Blurry images can result from low spatial resolution, which depends on voxel size. Decreasing the field of view (FOV) improves spatial resolution but sacrifices SNR, so it is most successful during 3-T imaging, where there is inherently higher SNR. Another approach is to increase the matrix size, but that increases acquisition time. Rapid acquisition is important in order to avoid motion artifacts from fetal movements and maternal respiration.

Excessive specific absorption rate (SAR)—The SAR is the radiofrequency power deposition generated by the excitation and refocusing pulses that create electrical currents in tissues and produce heat. At any field strength, the FDA limit for SAR for pregnant women is 4 W per kilogram of maternal weight, averaged over six minutes (this is automatically programmed into commercial scanners).

Radiofrequency power deposition increases with field strength, so the SAR limit is more easily reached at 3-T. It's also important to know that commercial software adjusts the SAR to enable more heat dissipation, which can increase acquisition time.

To maintain SAR below the FDA limit, lower the flip angles (either excitation or refocusing), increase the repetition time length, decrease the number of slices or shorten the echo-train length.

Reducing Artifacts


Motion Artifacts

Five strategies to minimize motion artifacts are:

  • Maximize image acquisition speed by using single-shot T2-weighted imaging or balanced steady-state free precession (bSSFP) sequences
  • Decrease the total number of slices, which decreases acquisition time in steady-state sequences
  • Increase the repetition time
  • If the source of motion is in the phase-encoding direction, swap the phase-encoding and frequency-encoding directions
  • Ask the patient to hold her breath (fast acquisitions)

Wraparound Artifacts

In fetal MRI a small FOV is required in order to maintain spatial resolution, but maternal tissue surrounds the area of interest, typically resulting in a "wraparound artifact" of maternal structures mismapped on top of the fetus. Two strategies are:

  • Increase the number of phase-encoding steps in the phase-encoding direction (typically by 50%) so that the FOV includes the aliasing structures. There are tradeoffs, however. In steady-state sequences, acquisition time is increased proportionally to the oversampling. In single-shot sequences, SAR is increased slightly, but possibly enough to be important if 3-T is used, considering the already high SAR
  • Swap the phase-encoding long axis for the frequency-encoding direction to minimize surrounding structures outside the FOV. The frequency-encoding direction does not have a penalty for oversampling, so this approach changes the direction of the acquisition plane with virtually no increase in acquisition time or SAR

Banding Artifacts

bSSFP is often used in fetal MRI to provide relatively high SNR and fast acquisition time. However, off-resonance effects from B0 nonuniformity are apt to produce phase-shift and phase-accumulation errors. This results in a bandlike signal loss in areas of B0 nonuniformity, typically at the edges of the FOV or near tissue interfaces.

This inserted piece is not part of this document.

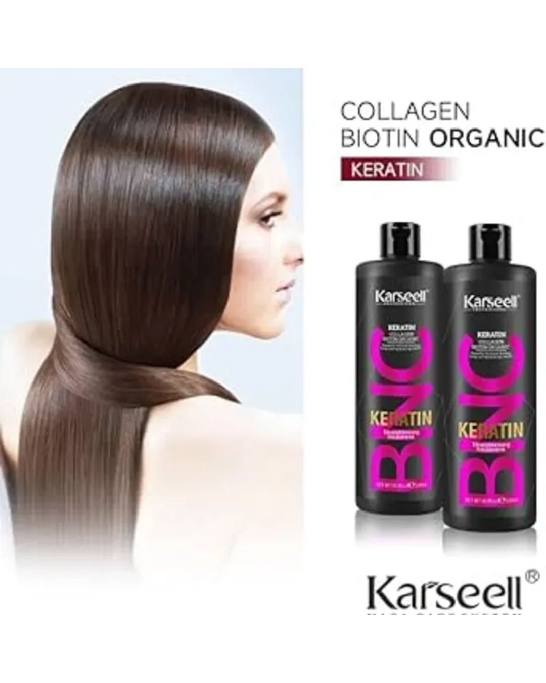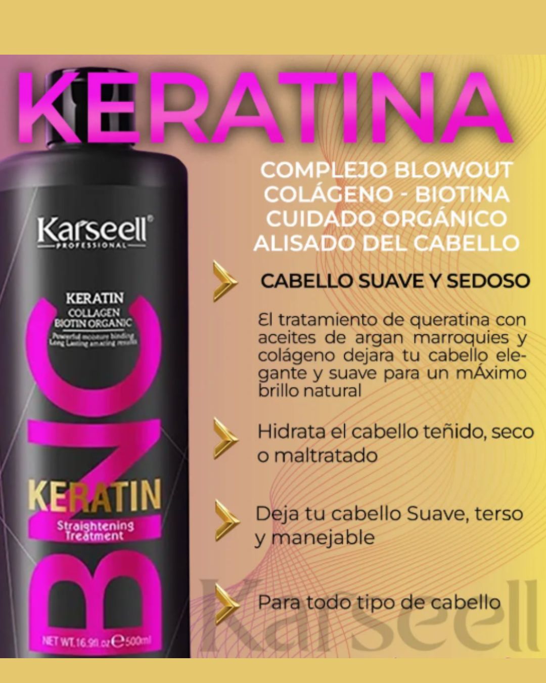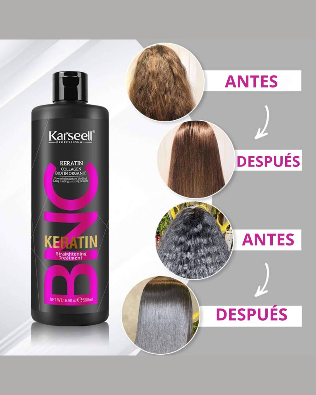 El tratamiento de queratina con aceites de argan marroquies y colágeno dejara tu cabello elegante y suave para un máximo brillo natural

Decrease repetition time—Bands are spaced in intervals inversely proportional to the repetition time. Therefore, decreasing repetition time widens the band intervals and minimizes the banding effect.

Lower the field strength—Banding artifacts typically worsen at 3-T because of a proportional increase in the Larmor precession frequency. This is compounded by the restriction on repetition time that is necessary to avoid excessive SAR.

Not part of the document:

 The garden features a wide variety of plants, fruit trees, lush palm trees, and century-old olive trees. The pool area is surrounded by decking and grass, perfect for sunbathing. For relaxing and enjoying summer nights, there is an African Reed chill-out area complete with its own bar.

Inhomogeneities in the Radiofrequency Field

Changes in the physical propagation of permittivity can distort the radiofrequency field, resulting in a wide variation in flip angles. This manifests as areas of decreased signal intensity (shading) or loss of tissue contrast. This problem is augmented at higher field strengths because of the resulting reduction in wavelength of the radiofrequency transmission field.

Besides imaging at lower field strength, multichannel transmit systems have been applied to fetal MR imaging with some success. Commercial dual-drive transmission systems have flexible transmission settings that permit more degrees of freedom, which allows for shaping the transmission field in an elliptical polarization model that resembles the abdomen more accurately and minimizes inhomogeneities.